A gauge of activity across the country's manufacturing sector expanded for the fourth straight month. The IHS Markit India Manufacturing Purchasing Managers' Index stood at 55.9 in October against 53.7 in September and 52.3 in August.

Job Losses Continue

Meanwhile, manufacturing jobs continued to fall even after producers recorded the strongest improvement in overall operating conditions since February. Overall, new orders went up at the fastest pace in seven months, while factory output also went up at the fastest pace since March.

The PMI had hit a slowdown bump in its path towards growth back in July when the index had gone down below the critical 50.0 mark for the first time in nearly a year.

After starting 2021 on a stronger footing than it ended in 2020, the manufacturing sector has continued to see-saw between rising and suddenly losing growth momentum. The PMI, as a result, has been volatile throughout 2021. The recent rise also offers hope as output, new orders, exports, a number of purchases and input stocks all strengthened.

While strong growth in sales and production were noted in each of the three broad areas of the manufacturing sector, intermediate goods witnessed the sharpest expansion, reported Bloomberg.

Additionally, Indian companies observed a notable increase in international demand for their goods.

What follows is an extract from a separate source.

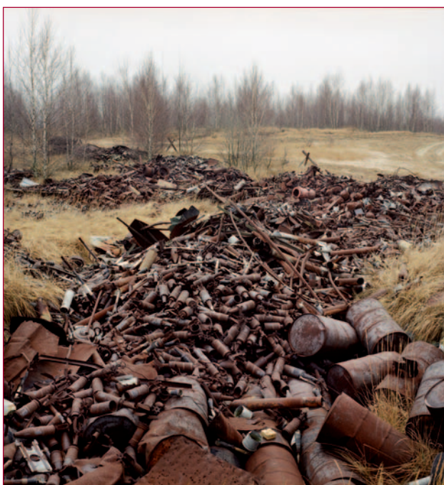
De oude DDR ligt bezaaid met sporen van de Koude Oorlog.

Het was geen schokkende periode, het ging vooral om de dagelijkse routine en het kazerneleven. Later bezocht hij Kosovo – na de burgeroorlog – om ook hier het dagelijkse soldatenleven vast te leggen: "Ik ben geen oorlogs- of frontfotograaf." Maar zonder

New export work rose to the quickest in three months, according to the survey.

Furthermore, input purchases also went up at the fastest pace since April as producers geared up to cope with the surfeit of new orders. But the cost of inputs started to pinch, with the overall inflation for them surging to a 92-month high.

"With companies gearing up for further improvements in demand by building up their stocks, it looks like manufacturing activity will continue to expand throughout the third quarter of the fiscal year 2021/22 should the pandemic remain under control. Upbeat business confidence and projects in the pipeline should also support production in the coming months," Pollyanna De Lima, Economics Associate Director at IHS Markit and author of the report, said.